Saturday, February 7, 2009

Main life component #2: Friends

Main Component #2: Friends


It seems like the school post prior to this naturally led me to talk about the "friends" component of my life. Inevitable, of course; my friends are a large part of who I am now and a large reason I am this way. Although many people have come into my life and left, sometimes as quickly as they came, sometimes lasting a considerable amount of time longer, there are three girls who have managed to tolerate all of my bullshit and kick me in the ass when I need it. I don't want to name names in this blog for multiple reasons, but each of these girls knows who she is and where she stands with me. I am equally close with each of them, but in different ways.

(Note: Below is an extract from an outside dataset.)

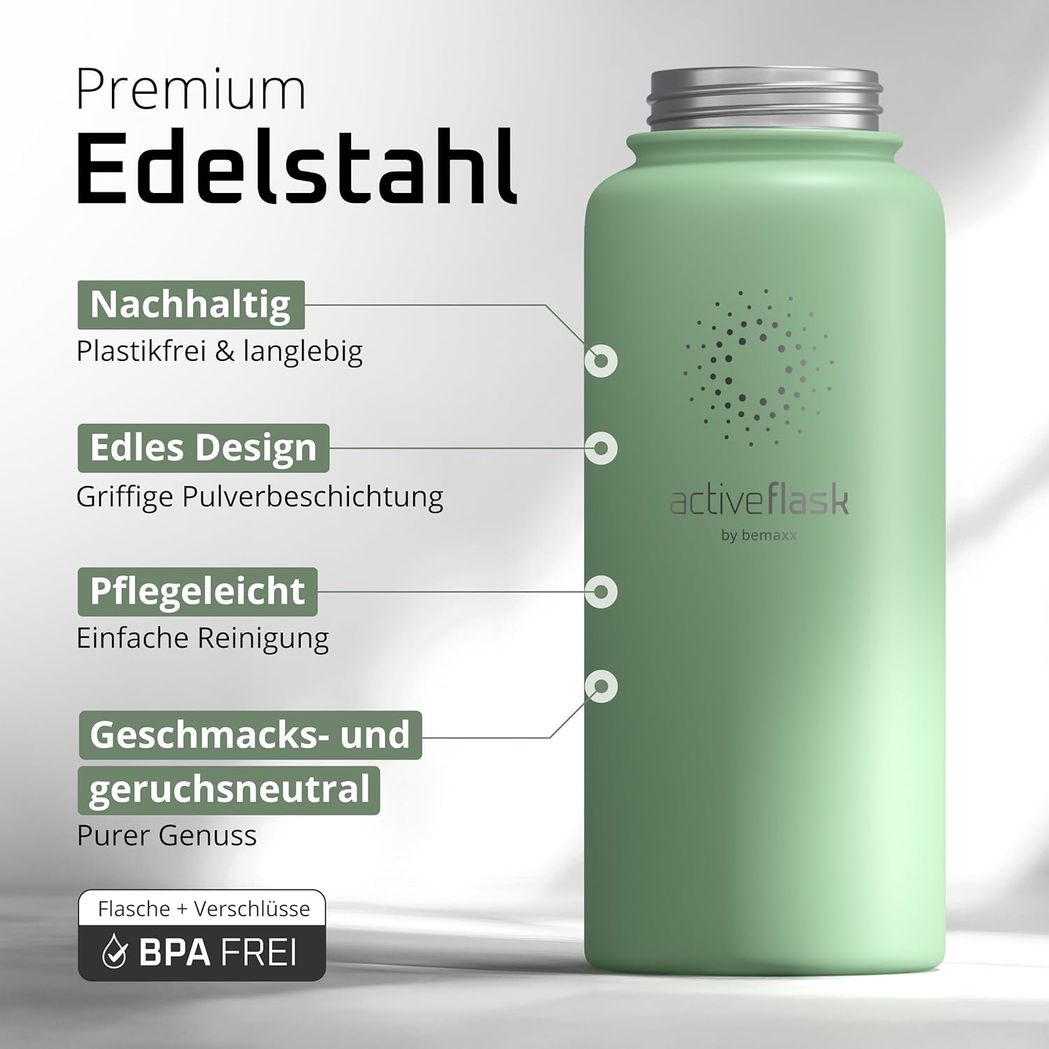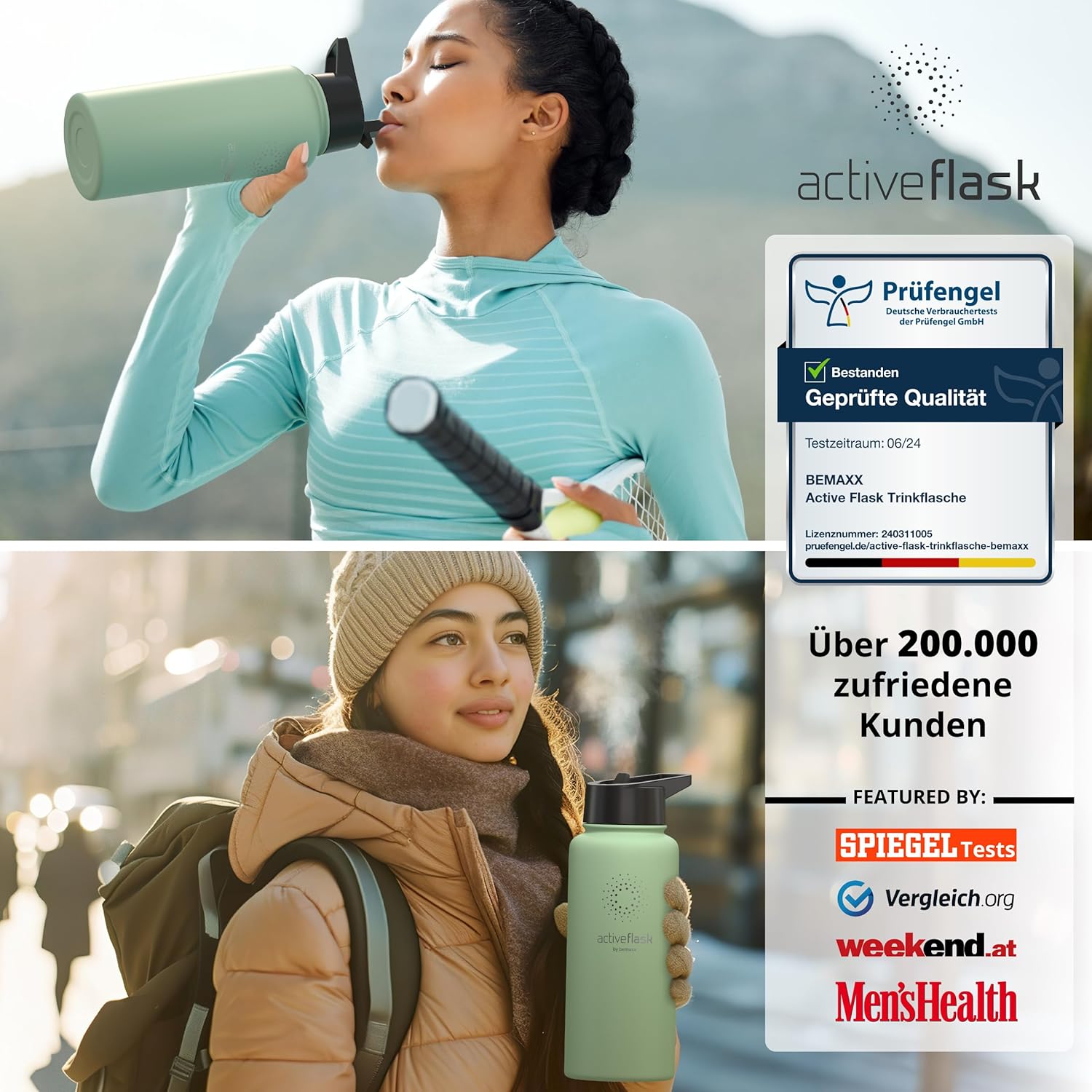 Бутилка за пиене BeMaxx Active Flask от неръждаема стомана + сламка (3 капака) без BPA (бисфенол А), непропусклива, за газирани напитки, термобутилка за велосипед, изолирана, спортна бутилка за вода, детски чай

One of them is not close physically- in August she moved three hours away- and as far as our interests go, we have little in common. Fourteen years ago we met in Mrs. Wylie's kindergarden class. Since then she has grown into an athletic, bubbly sorority girl while I found myself in the midst of the music scene at 14 years old. She never has any idea about who I'm talking about when I ask her if she's heard of the band so-and-so, and I've never heard of most of the alcoholic drinks at the frat parties she talks about. But we get together anyway and talk about the summers we spent at her family's cottage in South Haven, Michigan, and the friends we had as kids that all seemed to grow up and disappear. She is the friend that I know will probably always be there for me, despite the fact that we can't ever do anything that suits us both at once.

I have known another of my girls since 2003. We were barely fourteen; I had a chip on my shoulder and she had electric blue hair. We hated each other quietly for quite some time before actually speaking and found that when we did, we got along famously. These days, we are attending the same school. We laugh and gossip and hate and love all of the same people. We go to Denny's nearly every time we are together and our bill is always $18.14. We have spent countless hours driving around in search of something to do. Some nights we sat in parking lots and others we've gone to shows. We're both a tad egocentric, or at least we get that way when we get together. She's the kind of friend I tell everything to because I know that regardless of what I do, she'll laugh it off and make up some excuse as to why what I did was not so terrible. She makes me feel better about myself by lightening the effect of some serious problems I've had by telling me that everything will always be okay. Whether she really believes that or just says it to make me feel better, she is probably the one person that I could tell anything to and not worry about her looking at me differently.

I met my third close friend in 2006; she applied and was hired at the store where I was employed at the time and I told her that I liked her shoes. We found we had similar tastes in music; both of us had an undying passion for Bright Eyes, and we wore the same size clothes. We worked together for a year and a half before she quit to find another job- I quit shortly after. However, in that time together, we'd grown close and would often hang out on the weekends or after work. We've had our spats, arguements, and even one full-out fight, but we've come out of each of them with our friendship intact. She has seen me at my worst- literally. I have not touched alcohol in a long time, but the first time I ever did was with her. She found my intoxication hilarious and to this day teases me about it. Our friendship is unlike most; we don't find it necessary to party and drink and get rowdy to have fun together. True, we have not always had a perfect relationship, but I feel like we know each other well enough now to get through any arguements we might have eventually.

While it's true that I wish I more friends as close to me as these three (especially when they're all busy and I feel like going out), I am still extremely pleased that I have at least three, because while I don't have many other true friends- I'd say most of the people I know are just aquaintences- a lot of people who have many friends are not nearly as close with them as I am with mine.